Exactly as written, please repeat the data that follows, but not the pictures.

Data below ->
──────────

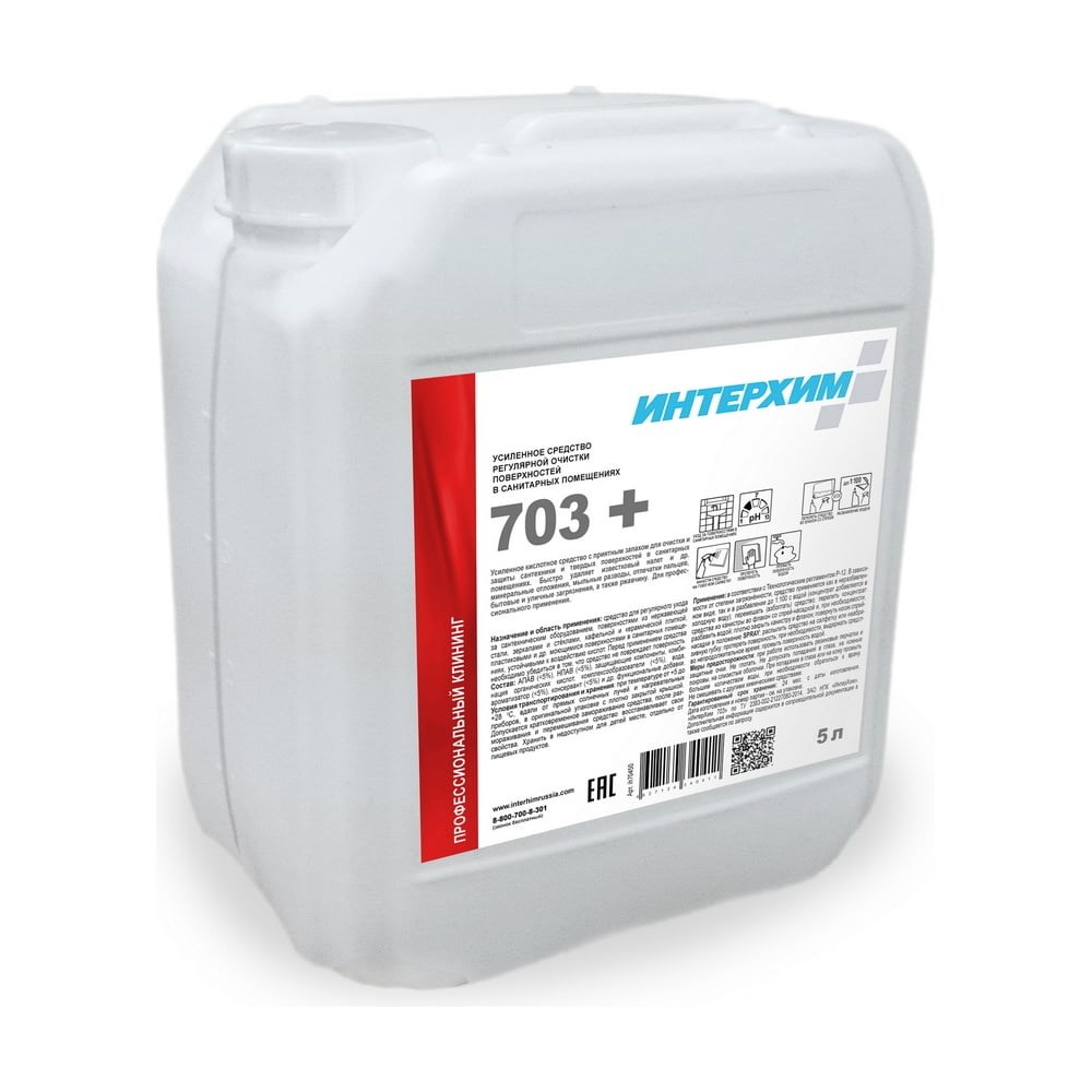 Усиленное средство очистки поверхностей в санитарных помещениях ИНТЕРХИМ 703 PLUS 5 л ih70450 - средство для ухода за сантехническим оборудованием, поверхностями из нержавеющей стали, зеркалами и стёклами, кафельной и керамической плиткой, пластиковыми и др. моющимися поверхностями в санитарных помещениях, устойчивыми к воздействию кислот.Перед применением средства необходимо убедиться в том, что средство не повреждает поверхностьНе содержит хлора и абразивов.Для интенсивной очистки средство применяется без разбавления.Быстро удаляет следы ржавчины, известковый, мыльный налет, отпечатки пальцев и др. загрязнения с сантехнического оборудования, поверхностей из нержавеющей стали, стекол и зеркал, кафельной и керамической плитки, пластиковых и др. поверхностей.Допускается разведение водой до 1:100.
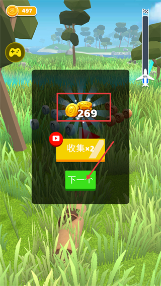 4、飞行结束后获得【269】金币奖励,可点击【下一个】继续飞行,也能看广告选择【收集×2】获取双倍奖励。
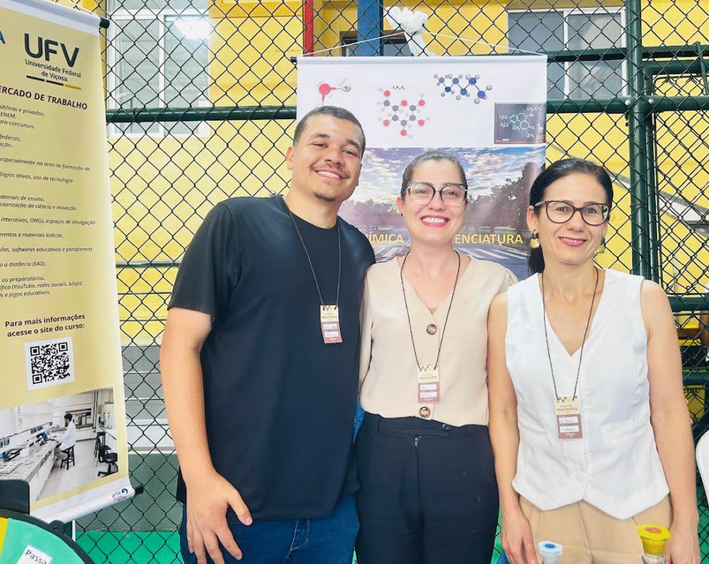 As professoras Ana Paula Guimarães e Lis Regiane Vizolli Favarin, da Comissão Coordenadora do Curso de Licenciatura em Química, e os alunos: Anelise Andrade Machado, Matheus Marcos Machado Calixto e Pedro Henrique Coutinho da Silva participaram da Mostra de Profissões de uma escola de Educação Básica de Viçosa, realizada nos dias 23 e 24 de setembro. Agradecemos pela colaboração!
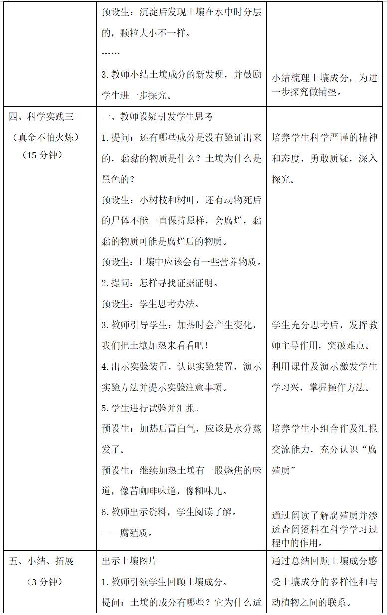 教师准备:土壤样本、三脚架、金属片、酒精灯、烧杯、水、玻璃棒、放大镜、湿毛巾。以上材料每组1套。

──────────

Result ->
 Усиленное средство очистки поверхностей в санитарных помещениях ИНТЕРХИМ 703 PLUS 5 л ih70450 - средство для ухода за сантехническим оборудованием, поверхностями из нержавеющей стали, зеркалами и стёклами, кафельной и керамической плиткой, пластиковыми и др. моющимися поверхностями в санитарных помещениях, устойчивыми к воздействию кислот.Перед применением средства необходимо убедиться в том, что средство не повреждает поверхностьНе содержит хлора и абразивов.Для интенсивной очистки средство применяется без разбавления.Быстро удаляет следы ржавчины, известковый, мыльный налет, отпечатки пальцев и др. загрязнения с сантехнического оборудования, поверхностей из нержавеющей стали, стекол и зеркал, кафельной и керамической плитки, пластиковых и др. поверхностей.Допускается разведение водой до 1:100.
 4、飞行结束后获得【269】金币奖励,可点击【下一个】继续飞行,也能看广告选择【收集×2】获取双倍奖励。
 As professoras Ana Paula Guimarães e Lis Regiane Vizolli Favarin, da Comissão Coordenadora do Curso de Licenciatura em Química, e os alunos: Anelise Andrade Machado, Matheus Marcos Machado Calixto e Pedro Henrique Coutinho da Silva participaram da Mostra de Profissões de uma escola de Educação Básica de Viçosa, realizada nos dias 23 e 24 de setembro. Agradecemos pela colaboração!
 教师准备:土壤样本、三脚架、金属片、酒精灯、烧杯、水、玻璃棒、放大镜、湿毛巾。以上材料每组1套。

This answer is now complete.